PRÉFACE
La méthode décrite dans ces pages n’est pas, comme
certains critiques de la première édition l’ont prétendu, le
produit de conceptions théoriques plus ou moins réalisables
destinées à provoquer la clairvoyance chez les lecteurs
soucieux de l’expérimenter. Elle est, au contraire,
essentiellement positive, puisqu’elle est la conclusion de
quelques milliers d’expériences entreprises durant une
vingtaine d’années sur un nombre considérable de sujets de
toute sorte. Les moyens indiqués sont la conséquence de
multiples observations, et ceux qui les ont appliqués ont
obtenu des résultats remarquablement concordants avec les
miens.
D’autres personnes ont regretté que la méthode nécessite
un instructeur et ne donne pas les moyens de développer la
clairvoyance par soi-même. Cela n’est pas à souhaiter.
Certaines faces orientales, il est vrai, obtiennent la vision
subjective par un entraînement personnel, mais cela résulte
d’une faculté innée, plutôt rare dans les races occidentales. Un
développement sans instructeur risque de rendre le cerveau
réceptif à des courants mauvais et déséquilibrés, qui
déterminent les illusions trompeuses accompagnées de
troubles nerveux susceptibles de devenir très graves ; tandis
que ce danger disparaît avec l’instructeur, pourvu qu’il soit
soucieux de conduire les images avec logique et régularité,
d’éviter les questions décousues, ainsi que tout ce qui peut
occasionner une fatigue ou un état pénible, et de provoquer
chez le sujet des états d’équilibre et de calme de plus en plus
complets. Non seulement le développement normal ne
provoque aucun trouble, mais au contraire, il perfectionne
l’état physique et moral du sujet et assure même sa guérison
ou l’atténuation de son mal lorsqu’il est souffrant.

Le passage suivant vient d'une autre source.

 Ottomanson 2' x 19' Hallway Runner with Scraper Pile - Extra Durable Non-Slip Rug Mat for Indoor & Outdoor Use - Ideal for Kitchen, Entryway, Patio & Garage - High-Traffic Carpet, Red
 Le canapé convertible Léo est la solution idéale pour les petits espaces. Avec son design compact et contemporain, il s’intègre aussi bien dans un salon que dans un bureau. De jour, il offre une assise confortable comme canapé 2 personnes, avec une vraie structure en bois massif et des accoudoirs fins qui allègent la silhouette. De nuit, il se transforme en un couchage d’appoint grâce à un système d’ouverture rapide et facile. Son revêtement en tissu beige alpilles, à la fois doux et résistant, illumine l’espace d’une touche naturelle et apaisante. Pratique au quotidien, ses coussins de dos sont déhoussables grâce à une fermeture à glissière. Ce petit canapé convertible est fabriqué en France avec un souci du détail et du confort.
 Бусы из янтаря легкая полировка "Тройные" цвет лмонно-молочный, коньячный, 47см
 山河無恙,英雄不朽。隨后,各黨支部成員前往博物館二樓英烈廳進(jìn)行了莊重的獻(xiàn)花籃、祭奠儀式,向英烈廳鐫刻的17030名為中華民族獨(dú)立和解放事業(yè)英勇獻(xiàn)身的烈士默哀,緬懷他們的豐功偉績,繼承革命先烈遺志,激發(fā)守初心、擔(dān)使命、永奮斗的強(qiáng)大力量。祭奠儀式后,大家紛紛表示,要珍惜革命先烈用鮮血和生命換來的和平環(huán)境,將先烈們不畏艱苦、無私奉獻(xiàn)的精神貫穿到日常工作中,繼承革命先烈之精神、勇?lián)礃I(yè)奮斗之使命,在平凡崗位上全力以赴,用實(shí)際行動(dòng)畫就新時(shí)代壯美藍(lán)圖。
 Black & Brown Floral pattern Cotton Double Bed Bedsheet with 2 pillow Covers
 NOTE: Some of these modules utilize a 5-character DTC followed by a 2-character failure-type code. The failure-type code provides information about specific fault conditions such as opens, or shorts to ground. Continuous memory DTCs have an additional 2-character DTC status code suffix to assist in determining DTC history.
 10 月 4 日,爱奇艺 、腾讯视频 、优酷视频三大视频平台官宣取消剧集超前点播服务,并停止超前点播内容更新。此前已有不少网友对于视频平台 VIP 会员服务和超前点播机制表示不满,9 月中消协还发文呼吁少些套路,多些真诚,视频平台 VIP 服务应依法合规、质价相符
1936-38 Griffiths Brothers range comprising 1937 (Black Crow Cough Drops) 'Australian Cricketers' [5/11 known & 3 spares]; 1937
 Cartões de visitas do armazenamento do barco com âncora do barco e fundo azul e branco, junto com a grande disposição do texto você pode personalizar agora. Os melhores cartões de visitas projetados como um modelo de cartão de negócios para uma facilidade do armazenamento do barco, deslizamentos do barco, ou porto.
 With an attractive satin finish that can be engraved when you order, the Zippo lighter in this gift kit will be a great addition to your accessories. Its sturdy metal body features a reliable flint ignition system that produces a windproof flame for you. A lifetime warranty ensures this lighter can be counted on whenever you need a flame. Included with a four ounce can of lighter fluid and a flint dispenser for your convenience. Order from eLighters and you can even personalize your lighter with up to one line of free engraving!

Enfin cette méthode ne doit nullement ses succès à mon
action personnelle, comme on l’a également prétendu. Elle
dépend évidemment des aptitudes du sujet, mais elle est
efficace avec tout instructeur, pourvu qu’il en applique
soigneusement les règles. Elle est comparable à une méthode
de dessin ou de musique, dont l’application dépend de l’élève
et du professeur, mais qui donne toujours des résultats. Elle
s’exerce mal avec les personnes frustes, mal cultivées ou
versatiles. Par contre, elle produit des effets remarquables avec
les personnes évoluées, surtout avec celles qui savent garder
une sérénité constante ou qui possèdent un désir sincère
d’élévation morale ; en définitive, elle apporte à tous, avec plus
ou moins de puissance, des états subjectifs nouveaux et
supérieurs, car elle est une véritable culture psychomentale.